On January 25, hundreds of workers at an Amazon warehouse in Chicago were presented with a baffling choice: sign up for a ten-and-a-half-hour graveyard shift, or lose your job.
Management informed workers that their warehouse, known as DCH1, would be shut down, and they were being offered a shift that runs from 1:20am to 11:50am, which is known as “megacycle,” at a new Chicago warehouse.
DCH1 has been the target of protests, walkouts, and petitions organized by workers that have changed Amazon’s nationwide policies for its warehouses. Its closure will force workers to choose between their lives outside of Amazon and keeping their jobs in the middle of a pandemic.

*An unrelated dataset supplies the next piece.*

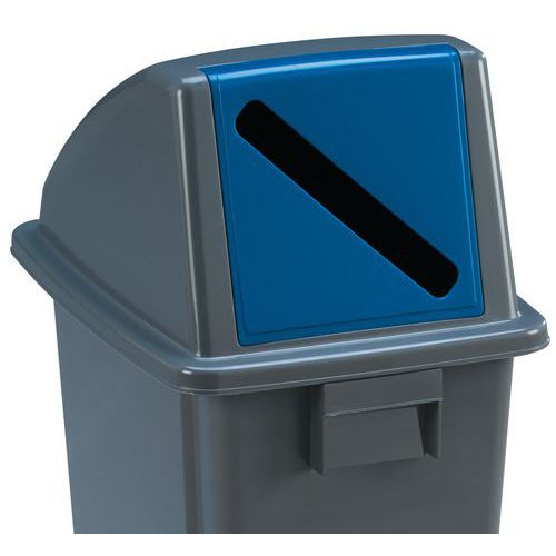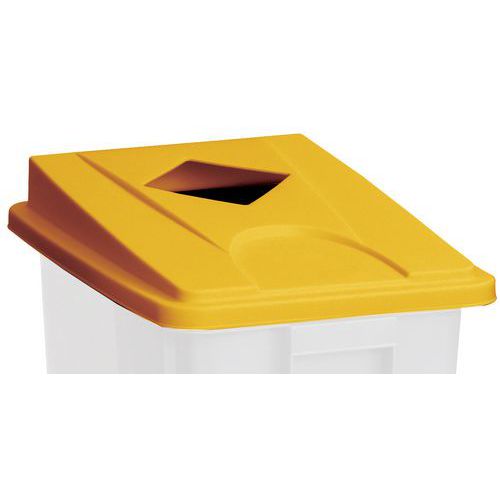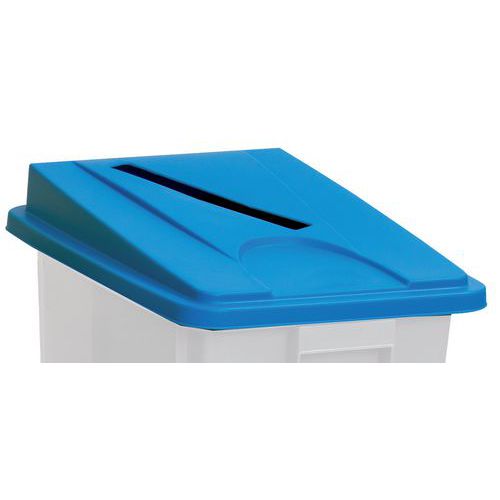 Lock till Avfallsbehållare Manutan. Gör det enkelt att källsortera avfallet i enbart avsedda avfallsbehållare. Finns i flera olika modeller: vipplock, med pappersöppning, för flaskor, för burkar samt för papper. Passar både 60- och 80-litersversionen av Avfallsbehållare, utan lock - Manutan (artikelnummer: 48768 & 48769).

The ultimatum presented to workers at DCH1 reflects a broader strategy in the U.S. for Amazon. The company has been quietly transitioning warehouse workers at delivery stations nationwide to the “megacycle” shift in recent months. The megacycle shift collapses shorter shifts into one 10-hour shift that begins around 1 am and ends around lunchtime. It’s unclear where the term megacycle originated but it’s used by both managers and workers to describe 10-hour graveyard shifts, workers tell Motherboard. An Amazon spokesperson told Motherboard that more than half of its last-mile delivery network has already transitioned to the new model.